● Exercise details
Below are records that hold pictures; write out only the lines from their start through the line with "十年间,耳提面命,小子能有初", exactly, and drop the pictures.

(Data for this exercise)

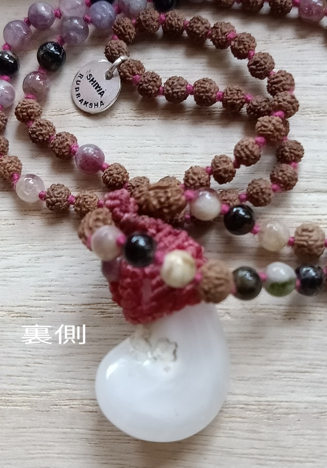 ルドラクシャは「人間関係を円滑にし、夫婦円満や引き寄せ」を願う2面(シヴァ&パールヴァティ)をケオン横に1粒ずつ左右に入れ、トルマリン3粒の上に「7面ラクシュミー女神」も組み入れました。
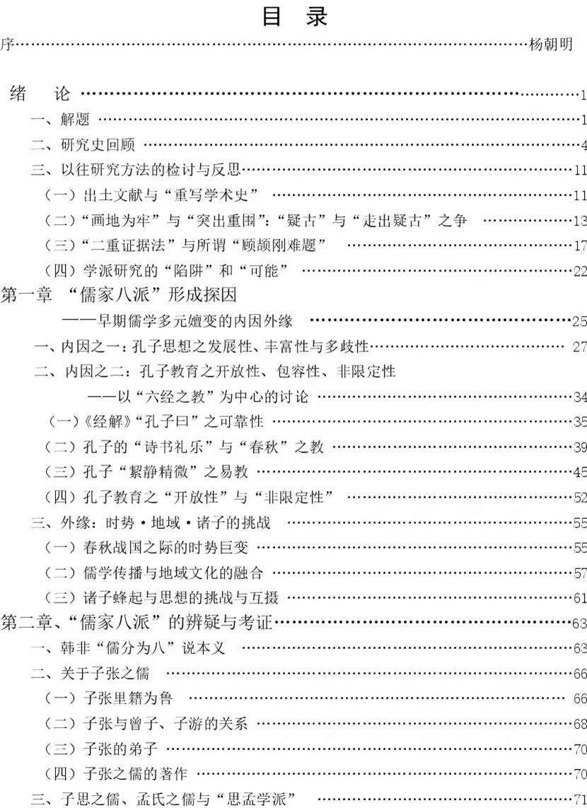 十年间,耳提面命,小子能有初窥学问门径,赖恩师之赐也。攻读硕士时,余所为文以孔子易教为题,于夫子亦有“弥高弥坚”之叹。攻读博士时,顺流而下,研习七十子及其后学,所谓“儒家八派”问题,欲于此纠葛不清之公案,稍加廓清,重写先秦儒学史也。
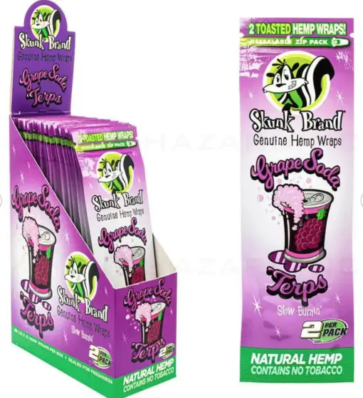 Skunk Brands Terp Enhanced Hemp Wraps add bold, juicy flavor to your herbal blends. Made from natural toasted hemp and free from tobacco, these wraps deliver a mellow, smooth smoke that elevates your experience. Infused with terpenes, they take your blunts to the next level.
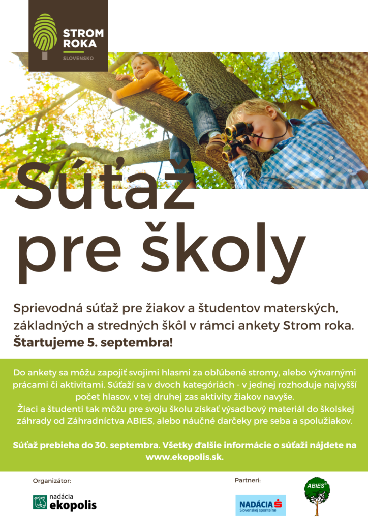 Do súťaže pridali aj novú kategóriu pre zapojené školy a jednotlivé triedy, kde sa hlasovania zúčastní len menší počet žiakov. „Pri výbere budú rozhodovať členovia našej nadácie, ktorí vyberú víťazov na základe ich iniciatívy, či práce navyše. Potešia nás napríklad fotky z výučby v prírode pri stromoch, fotografie žiakov s finalistom, prezentácie, umelecké práce detí, či napríklad video, ktoré si žiaci o stromoch pripravia – fantázii sa medze nekladú.“
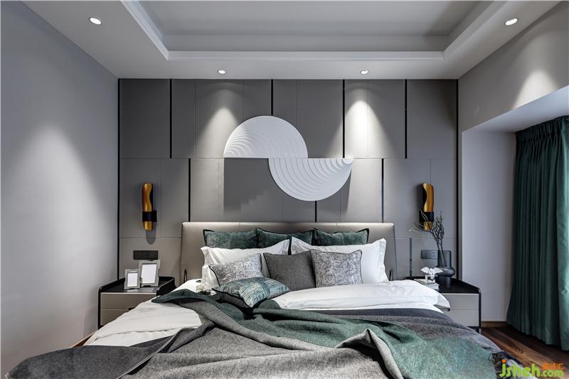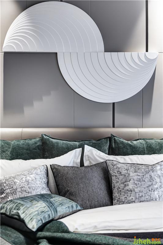 臥室恬靜溫潤的氣質(zhì),在高級灰背景里,映襯著一泓湖綠,讓人陷入柔軟舒適里感受一切令人歡喜的事物。
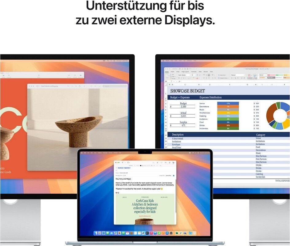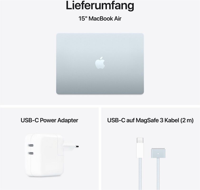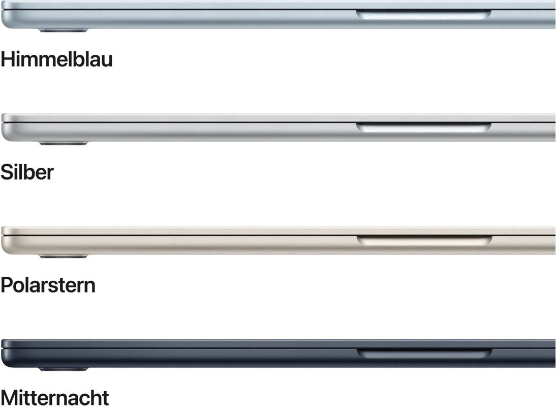 ³ Das Display des 15" MacBook Air hat oben gerundete Ecken. Als Standard-Rechteck gemessen hat das Display eine Diagonale von 15,3" (38,91 cm). Der tatsächlich sichtbare Displaybereich ist kleiner.
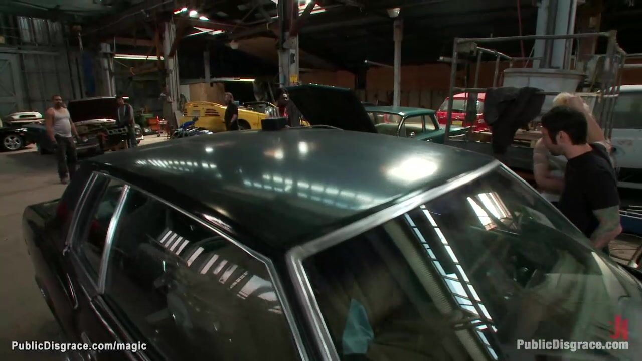Master Tommy Pistol drags bound hot ass blonde slave Dylan Ryan in public auto repair shop and there spanks and anal fucks her with huge dick

(End Data for this exercise)

● Exercise answer
 ルドラクシャは「人間関係を円滑にし、夫婦円満や引き寄せ」を願う2面(シヴァ&パールヴァティ)をケオン横に1粒ずつ左右に入れ、トルマリン3粒の上に「7面ラクシュミー女神」も組み入れました。
 十年间,耳提面命,小子能有初窥学问门径,赖恩师之赐也。攻读硕士时,余所为文以孔子易教为题,于夫子亦有“弥高弥坚”之叹。攻读博士时,顺流而下,研习七十子及其后学,所谓“儒家八派”问题,欲于此纠葛不清之公案,稍加廓清,重写先秦儒学史也。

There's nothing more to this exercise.